En effet, cette proposition est centrale et totalement en lien avec le sujet du principe du registre :
- Changement de paradigme (Régime d’autorisation) : Le texte propose de mettre fin au régime des concessions pour les installations de plus de 4,5 MW au profit d’un régime d’autorisation. Cela vise à sortir du statu quo juridique avec la Commission européenne qui bloquait les investissements depuis des années.
- Indemnisation et rachat : La réforme prévoit que l’État rachète les concessions actuelles et indemnise les exploitants. C’est ici que l’argumentaire sur le registre de l’article L. 521-15 prend tout son sens : le montant des investissements non amortis (modernisation écologique comprise) sera le point central de la valeur de rachat et de l’indemnisation.
- Modernisation vs Maintenance : Le texte insiste sur la nécessité de mobiliser des investissements massifs (environ 4,5 milliards d’euros visés par EDF) pour la modernisation des barrages. Pour que cette relance réussisse, l’administration ne doit pas « étouffer » les exploitants en requalifiant la modernisation en simple entretien.
D’ici, navigation en eaux troubles. Suite au prochain épisode…
*1 – Proposition de loi n° 2334 (rectifiée), « Proposition de loi visant à relancer les investissements dans le secteur de l’hydroélectricité pour contribuer à la transition énergétique » – Déposée le 13 janvier 2026 par les députés Marie-Noëlle Battistel (PS) et Philippe Bolo (MoDem), elle a été adoptée en première lecture par l’Assemblée nationale le 5 février 2026 (transmise au Sénat sous le n° 359). https://www.assemblee-nationale.fr/dyn/17/textes/l17b2334_proposition-loi
*2 – Règlement (CE) n° 1100/2007 du Conseil du 18 septembre 2007 instituant des mesures de reconstitution du stock d’anguilles européennes — Publication au JOUE : Journal officiel de l’Union européenne du 22 septembre 2007 (L 248/17). Article 2 – Paragraphe 8 : Il stipule que les plans de gestion nationaux doivent inclure des mesures de « restauration de la continuité écologique ». Cela comprend : la modification des barrages ; La création de passes à poissons (montaison et dévalaison) ; le transport des civelles vers des eaux libres.
Article 2 – Paragraphe 10 : Il impose aux États membres de s’assurer que les structures (barrages, turbines) n’entraînent pas une mortalité élevée des anguilles.
*3 – Grenelle 1 : Loi de programmation (Loi n° 2009-967 du 3 août 2009 de programmation relative à la mise en œuvre du Grenelle de l’environnement -Publication au Journal Officiel (JORF) : 5 août 2009 (Texte n° 2).
Article clé pour l’eau : Article 27. Il définit l’objectif de « bon état écologique » et mentionne explicitement la création de la Trame bleue pour assurer la continuité des cours d’eau.

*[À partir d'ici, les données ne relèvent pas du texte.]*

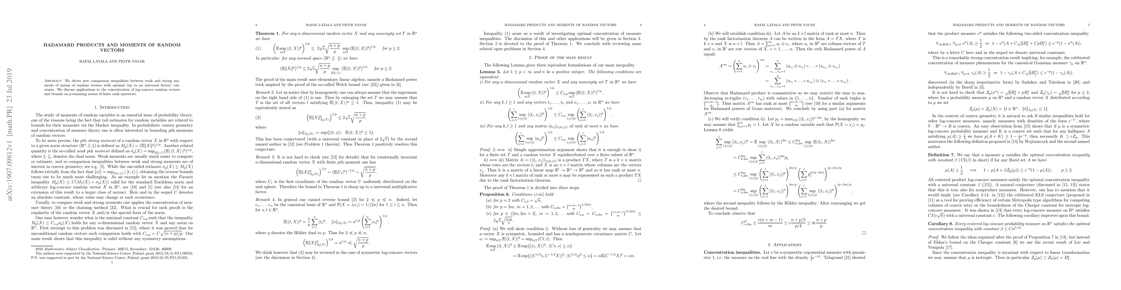 We derive new comparison inequalities between weak and strong moments of norms of random vectors with optimal (up to an universal factor) constants. We discuss applications to the concentration of log-concave random vectors and bounds on $p$-summing norms of finite rank operators.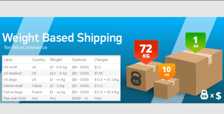 Weight Based Shipping is a simple yet flexible shipping method for WooCommerce focused mainly on cart weight (but not limited to) to calculate shipping cost. Plugin allows you to add multiple rules based on various conditions.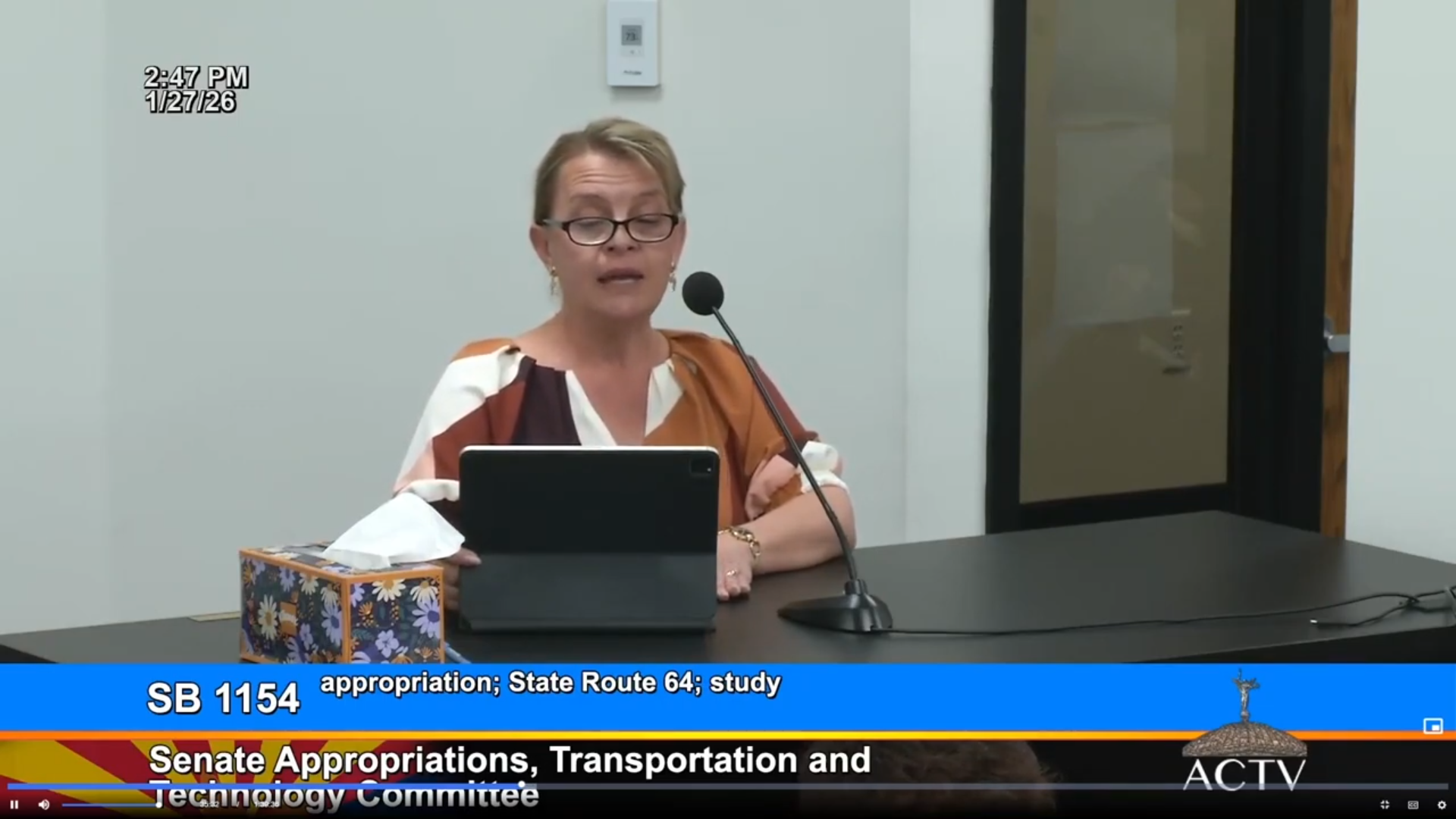 A bill to spend $500 thousand dollars to study traffic and safety on Highway 64 was approved by the Senate Appropriations, Transportation, and Technology Committee January 27th in Phoenix following Mayor Vail’s testimony.

*4 – Grenelle 2 : Loi n° 2010-788 du 12 juillet 2010 portant engagement national pour l’environnement. Si la loi « Grenelle 2 » du 12 juillet 2010 a imposé une accélération de la restauration de la continuité écologique (Art. L. 214-17 C. Env.), elle a parallèlement instauré un dispositif de sécurisation économique (Art. L. 521-15 C. Énergie). L’esprit du législateur était clair : les nouvelles contraintes environnementales, parce qu’elles constituent une modernisation de l’actif hydraulique, doivent pouvoir être inscrites au registre de fin de concession afin d’en garantir la neutralité financière pour l’exploitant sortant.
Cet article a également été publié sur Village de la Justice.